── EXTRACTED DATA

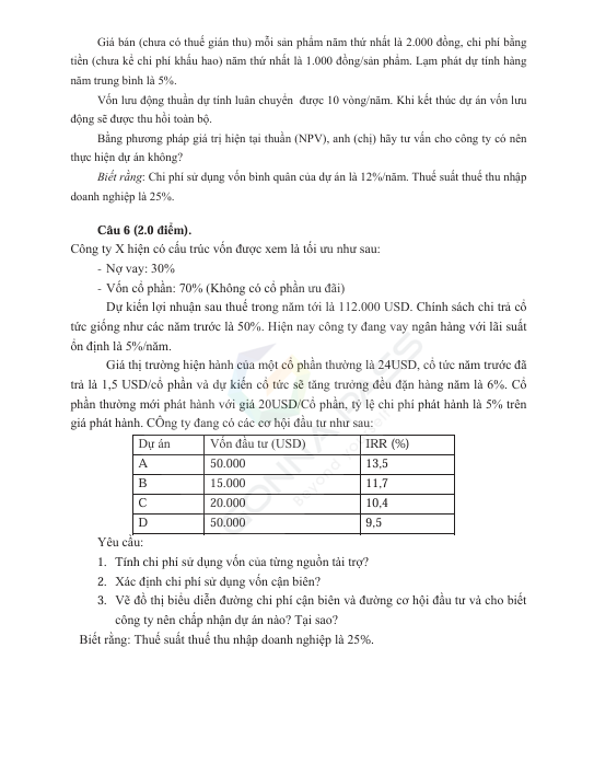 - Tính chi phí sử dụng vốn của từng nguồn tài trợ?
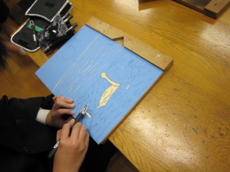5年生 版画作成中・・・
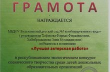 "Лучшая актерская работа" в республиканском экологическом конкурсе сценического творчества среди детей дошкольных образовательных организаций.
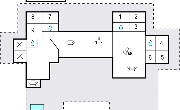 Zwischen der Nordsee und dem Ringkøbing Fjord gelegen, ist dieses gut ausgestattete Ferienhaus der perfekte Ort für einen fantastischen Urlaub. Es bietet viel Platz für mehrere Familien oder eine größere Reisegruppe. Das Haus ist hell und modern mit stilvollen Einrichtungslösungen, die Ihren Aufenthalt besonders komfortabel machen. Genießen Sie stundenlangen Badespaß im Poolbereich, spielen Sie eine Partie Tischtennis oder Billard im Aktivitätsraum und machen Sie später das Kochen zu einem gemeinsamen Projekt in der stilvollen Küche. Nach einem langen Spaziergang an der frischen Luft können Sie sich in der Sauna oder im Whirlpool aufwärmen. Und abends kann man es sich auf dem Sofa vor dem gemütlichen Holzofen gemütlich machen.
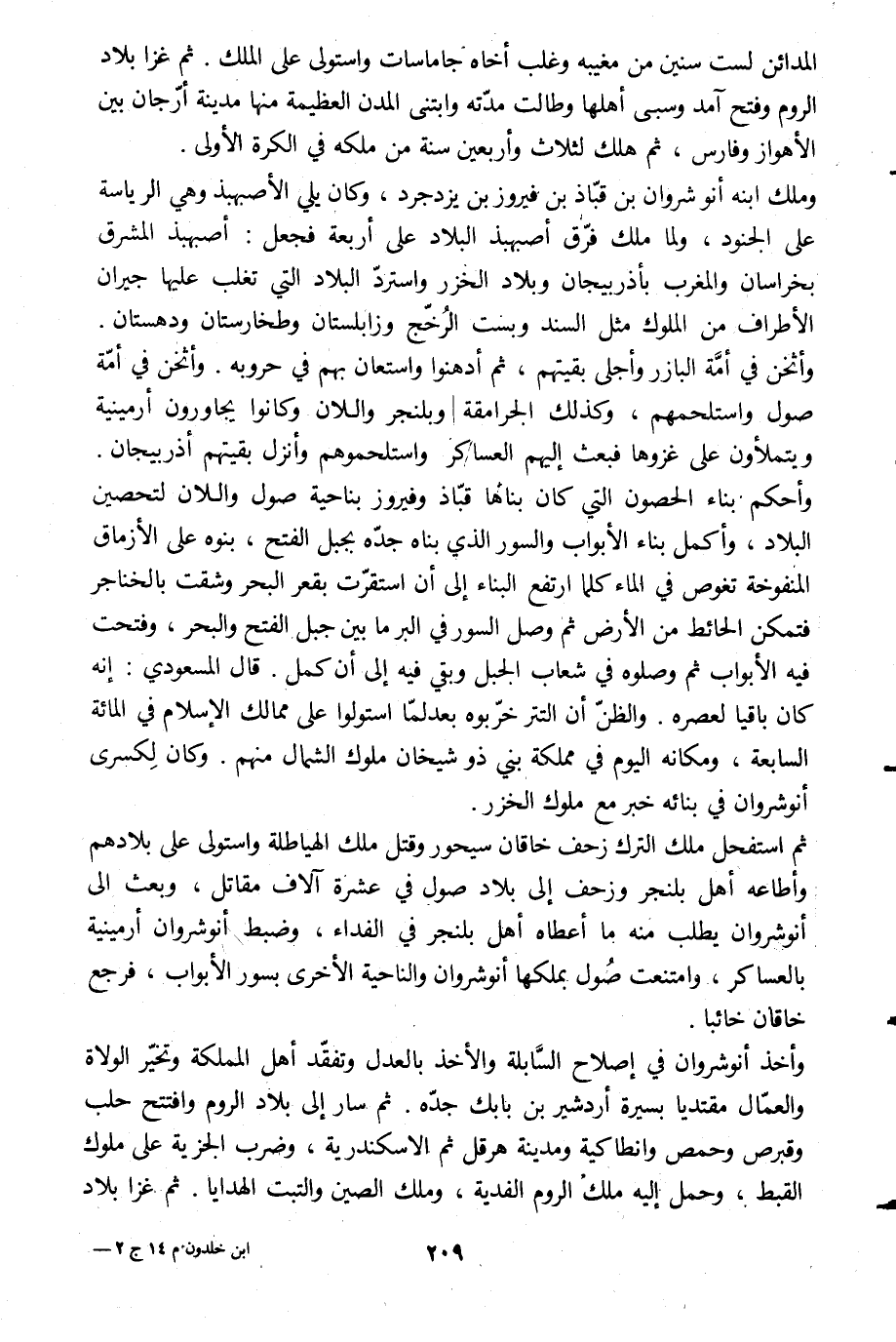وملك ابنه أنوشروان بن قبّاذ بن فيروز بن يزدجرد، وكان يلي الأصبهبذ وهي الرئاسة على الجنود، ولما ملك فرّق أصبهبذ البلاد على أربعة فجعل: أصبهبذ المشرق بخراسان والمغرب بأذربيجان وبلاد الخزر واستردّ البلاد التي تغلب عليها جيران الأطراف من الملوك مثل السند وبست الرخّج وزابلستان وطخارستان ودهستان.

────

◆ TASK DESCRIPTION
With the pictures omitted, reproduce the records in full and exactly.

◆ RESPONSE BELOW
 - Tính chi phí sử dụng vốn của từng nguồn tài trợ?
5年生 版画作成中・・・
 "Лучшая актерская работа" в республиканском экологическом конкурсе сценического творчества среди детей дошкольных образовательных организаций.
 Zwischen der Nordsee und dem Ringkøbing Fjord gelegen, ist dieses gut ausgestattete Ferienhaus der perfekte Ort für einen fantastischen Urlaub. Es bietet viel Platz für mehrere Familien oder eine größere Reisegruppe. Das Haus ist hell und modern mit stilvollen Einrichtungslösungen, die Ihren Aufenthalt besonders komfortabel machen. Genießen Sie stundenlangen Badespaß im Poolbereich, spielen Sie eine Partie Tischtennis oder Billard im Aktivitätsraum und machen Sie später das Kochen zu einem gemeinsamen Projekt in der stilvollen Küche. Nach einem langen Spaziergang an der frischen Luft können Sie sich in der Sauna oder im Whirlpool aufwärmen. Und abends kann man es sich auf dem Sofa vor dem gemütlichen Holzofen gemütlich machen.
وملك ابنه أنوشروان بن قبّاذ بن فيروز بن يزدجرد، وكان يلي الأصبهبذ وهي الرئاسة على الجنود، ولما ملك فرّق أصبهبذ البلاد على أربعة فجعل: أصبهبذ المشرق بخراسان والمغرب بأذربيجان وبلاد الخزر واستردّ البلاد التي تغلب عليها جيران الأطراف من الملوك مثل السند وبست الرخّج وزابلستان وطخارستان ودهستان.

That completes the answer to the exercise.